Sturgill Simpson’s country & western is a million miles and dusty roadside bars away from the gloss of CMT and prime-time TV drama's perpetuation of the soft rock version of country music. His sound and songs are indebted to the Waylon’s and Hank’s and all the other road dogs who made a living travelling throughout the dive bars and highways of the US plying their trade of outlaw country and shitkicker attitude. The twang of ‘You Can Have the Crown’ and ‘Life Ain’t Fair and The World is Mean’ are given a spirit and vitality from the percussive rhythmic guitar playing and Simpson’s booming voice.

And what a voice it is. Sometimes a melodic drawl, sometimes so loud it doesn't even need the microphone placed in front of it. That big, rich southern tone capable of reducing tonight's audience to a devoted hush as he belts out heartbreakers like ‘The Well’ and the autobiographical song ‘Old King Coal’, the latter a slow ballad which Simpson sings about how the loss of the Coal Mining industry affected generations of his family and his hometown in Kentucky. Its moments like these which leave the hairs on the back of your neck permanently raised. In between his own songs, Sturgill Simpson slips in covers of Neil Diamond’s ‘Red Red Wine’ and Roy Orbison’s ‘Crying’ which are devastating in their beauty, the simplicity of Simpson’s soaring vocals over those sorrowful chords renders the whole crowd open mouthed in astonishment at the emotional weight of his take on two of popular music’s most heartfelt ballads.

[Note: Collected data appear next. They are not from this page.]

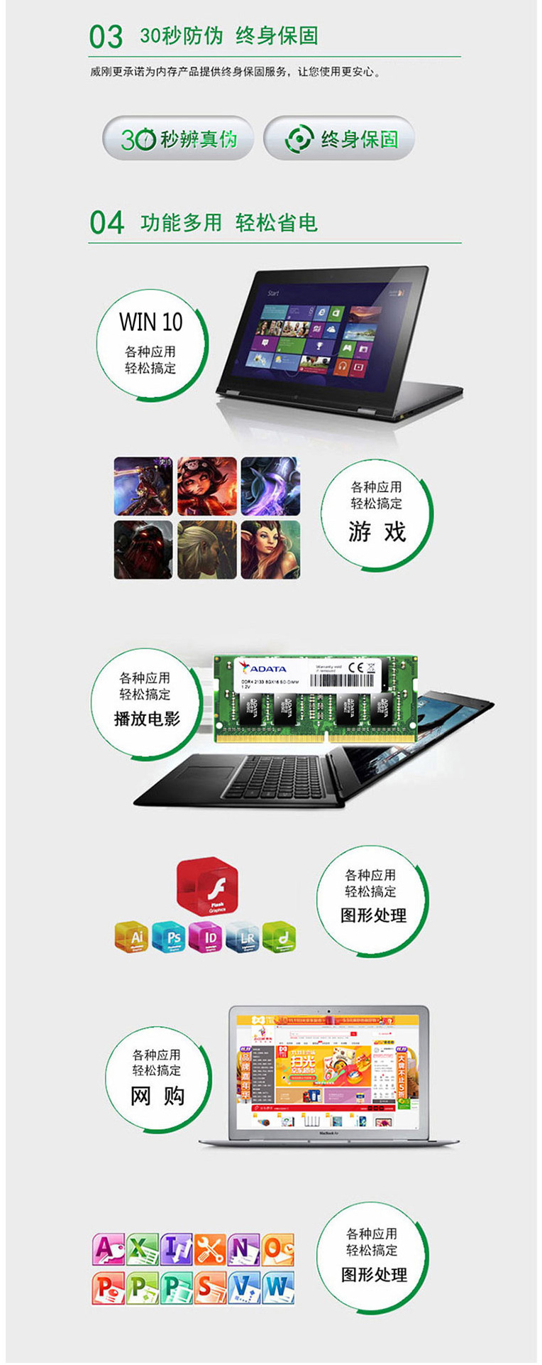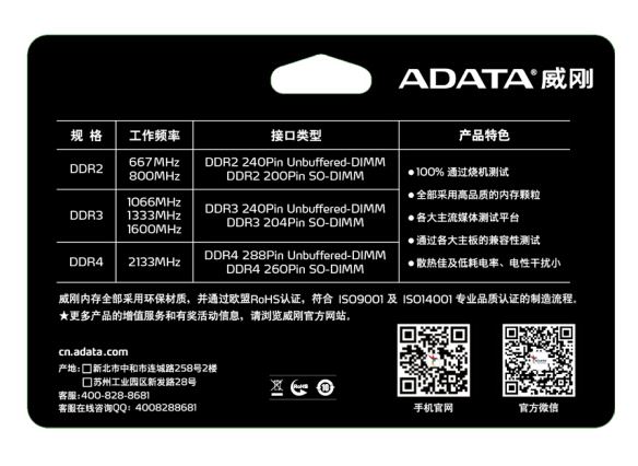 • 商品名称:威刚(ADATA) XPG-威龙/万紫千红系列 台式机笔记本 电脑升级电竞游戏加速马甲内存条 笔记本DDR3代 1600 8GB
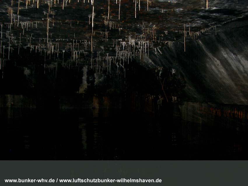 Warum wurde gerade hier auf der Wiesbadenbrücke ein Tiefbunker errichtet? Nicht nur, dass Wilhelmshaven ohnehin einen hohen Grundwasserspiegel hat. Gerade hier drückt das Wasser des Hafens von zwei, ja sogar wohl drei bzw. vier Seiten besonders an die Bunkerwände. Der Bau kann nur erklärbar sein durch zwei Punkte. 1. Tarnung, da im Krieg ohnehin nur spärliche oberirdische Bebauung auf der Wiesbadenbrücke existierte. 2. Freies Schussfeld für mittlere Flak, die nach Hinweisen zu Zeit des Bunkerbaues hier stationiert war, später dann an einen anderen Standort verbracht wurde.
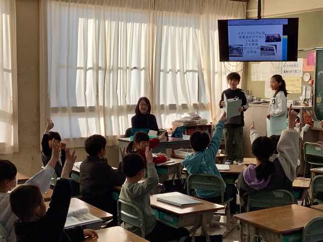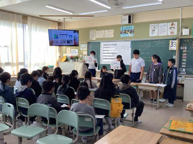 授業参観を実施しました。1年生は昔遊びの発表、2年生はメディアと上手に付き合う方法を考える授業、3年生はお仕事調べについてiPadでまとめたものの発表、4年生はブックトーク、5年生は米作りのまとめの発表、6年生は法や決まりについて考える道徳の授業、たけのこは、節分のお話を聞いたり、プログラミングをしたりする授業でした。日頃の学習の成果を家族に見せようとがんばる子供たちの姿がありました。 保護者の皆様、たくさんのご参加ありがとうございました。
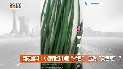 近日,有用户在短视频平台上刷到了所谓的“染色葱”,称葱被“染上蓝色”,用纸巾一擦就掉色。前后脚的时间,有网友在猪皮上发现了令他担忧的蓝色,并发图称“怎么洗也洗不掉”。
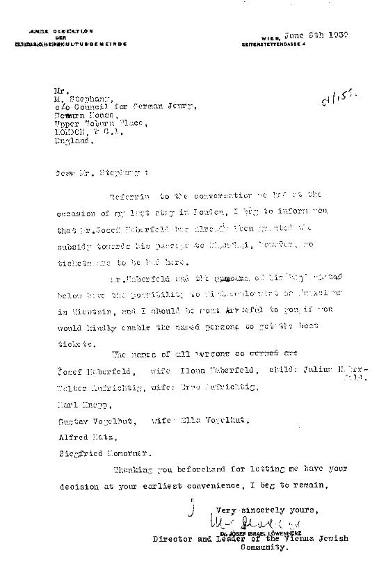 Dear Mr Stephany Referring to the conversation we had at the occasion of my last stay in London, I beg to inform you that Mr Josef Haberfeld has already been granted the subsidy towards his passage to Shanghai, however, no tickets are to be had here. Mr Haberfeld and the members of his band stated below have the possibility to find employment as musicians in Tientsin, and I should be most grateful to you if you would kindly enable the named persons to get the boat tickets. The names of all persons concerned are: Josef Haberfeld, wife: Ilona Haberfeld, child: Julius Haberfeld. Walter Aufrichtig, wife: Erna Aufrichtig, Karl Knapp, Gustav Vogelhut, wife: Ella Vogelhut, Alfred Katz, Siegfried Komorner. Thanking you beforehand for letting me have your decision at your earliest convenience, I beg to remain Dr Josef Israel Löwenherz, Director and Leader of the Vienna Jewish Community
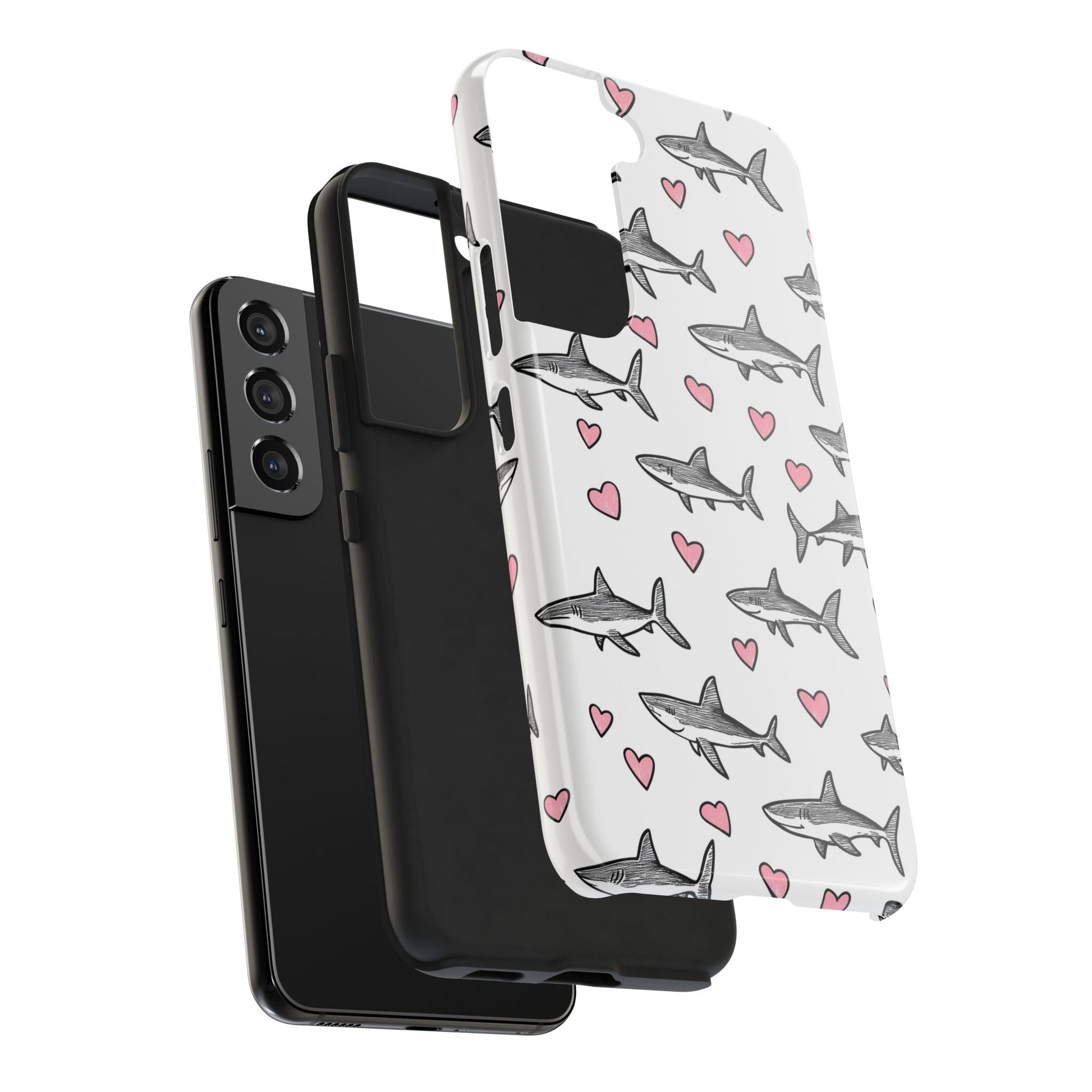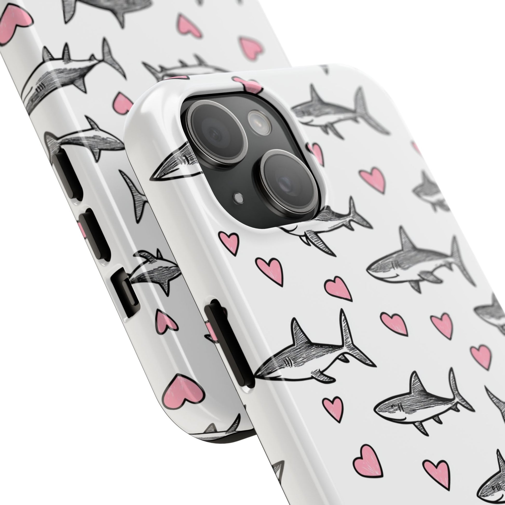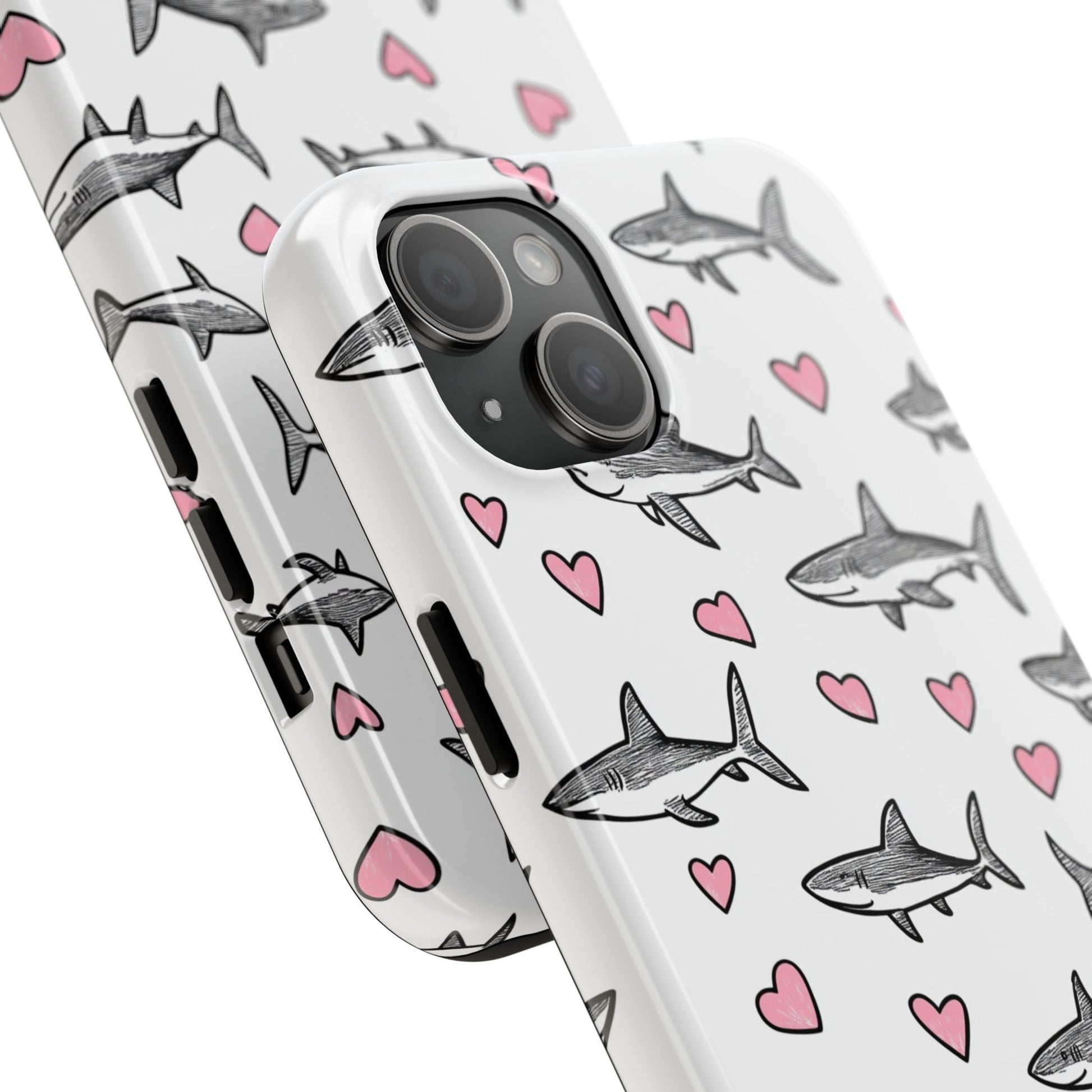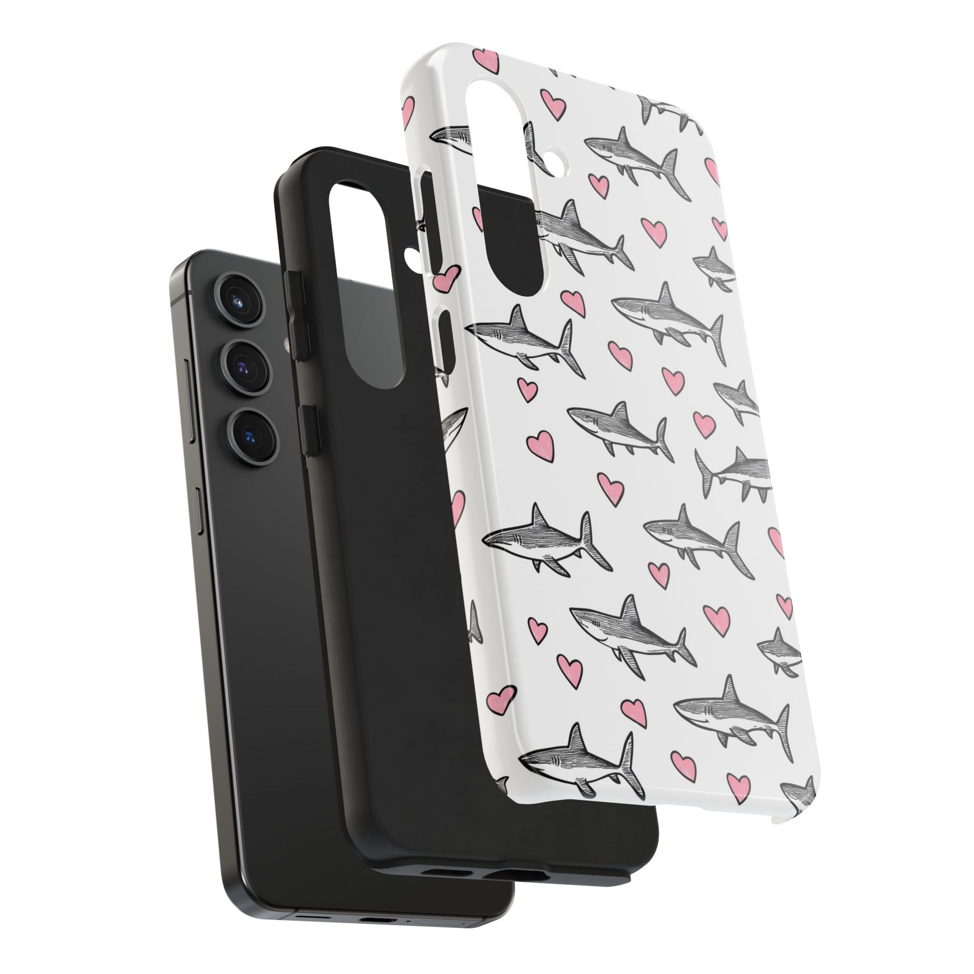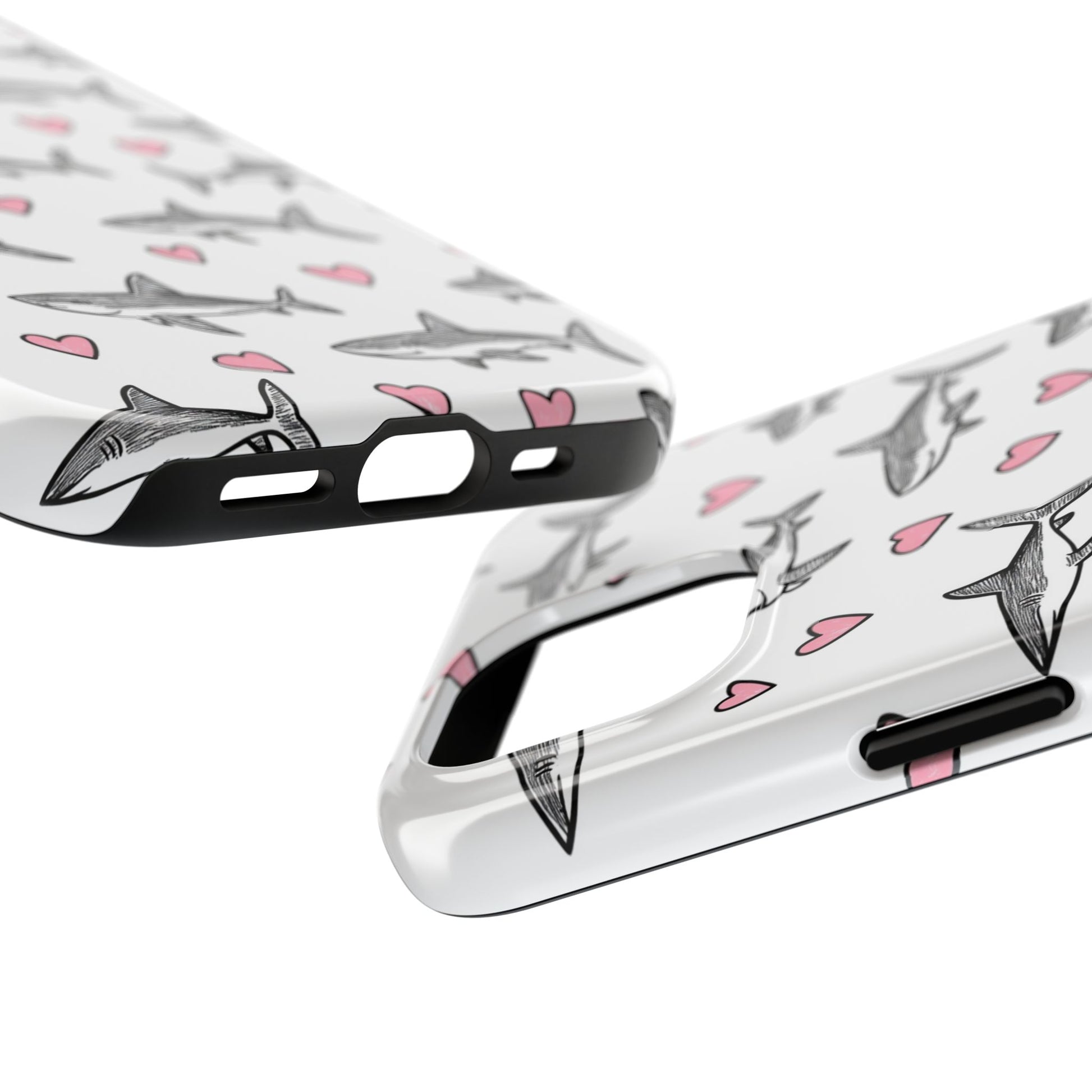 Stylish and durable phone cases featuring a design of sharks and hearts. These tough phone cases are perfect for those who want to protect their phone in style. Great for anyone who loves marine life or has a bold personality. Ideal for gifts on Valentine's Day or birthdays.

Between songs the singer tells the crowd about his home, how there are literally towns full of people who all write songs and play music either semi-professionally or just occasionally because of a basic need to share music. Out of these towns or cities and the unknown storytellers which reside in them London was lucky enough to witness one of the South’s, and maybe country music’s most essential new troubadours.